I was being watched.
At least, that’s what it felt like, which was ridiculous, because I lived alone in a townhouse with my blinds closed and deadbolts on all my doors. Still, that didn’t stop that cold, slow tingle from oozing across the back of my neck; the one you get when you’re subconsciously certain that something’s got its eye on you.
I tried to ignore it and stay focused on my design project, the deadline of which was looming, but it was persistent, like an itch under my skin, and no amount of redrawing lines or fixing color palettes would make it go away. Finally, with a frustrated sigh, I set down my tablet pen and I spun in my chair.
A scream, high pitched and surprised, immediately escaped me.
A small spider had been sitting in the middle of my office floor, just behind my chair. By the time I’d gotten up with a rolled up magazine in hand, it had scurried out of sight, to linger and lurk and continue watching me safely out of squishing range. I shuddered and sat back down slowly, the magazine still clutched in my hand.
God, I hated spiders.
I turned back around and resumed working, but it wasn’t long before the hairs on the back of my neck were standing up again and my concentration wavered towards thought of an eight legged creature skittering towards me with venomous fangs raised and ready to bite. It gave me enough of the heebie jeebies that I abandoned my desktop, packed up my smaller tablet and laptop, and left for the library.
“I’ll bring you back a nice can of raid,” I muttered over my shoulder as I shut the front door.
Right before it closed completely, I thought I caught sight of something moving very slowly and subtly across the entryway.

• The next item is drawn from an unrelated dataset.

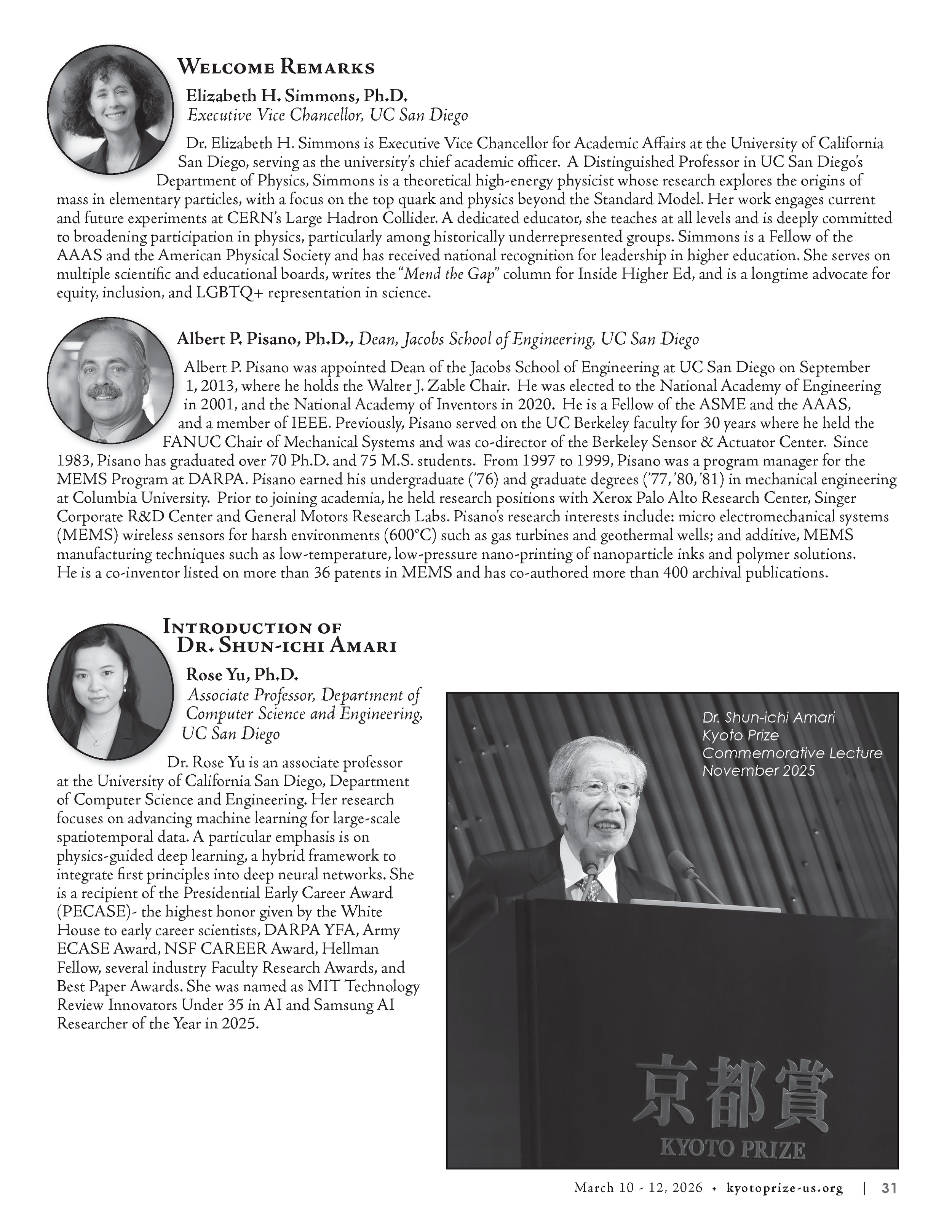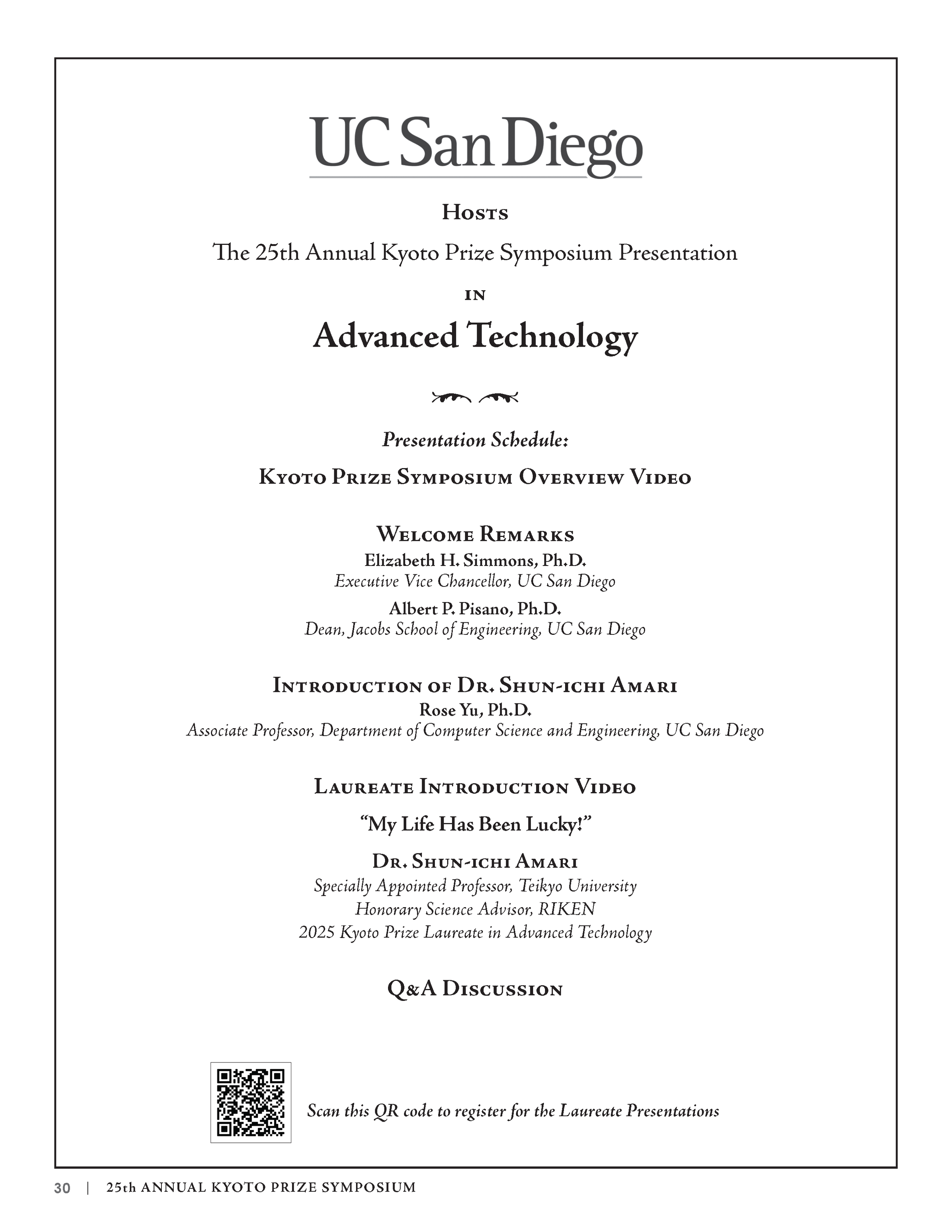 Dr. Shun-ichi Amari will be introduced by Prof. Rose Yu of UC San Diego.

I couldn’t believe I was letting a little bug mess with my head so much. It was unbecoming of an almost 30 year old man.
I did pick up a can of insect spray on my way home after a few hours of working at the library, but I just dumped it on the little table beside the door and forgot about it in favor of making dinner. I figured I’d know where it was next time I met my eight legged nemesis.
Over the next few days, the feeling that I was being watched persisted, growing into a tangled, almost paranoid knot in my chest.
Work’s getting to me, I told myself, I’m too stressed.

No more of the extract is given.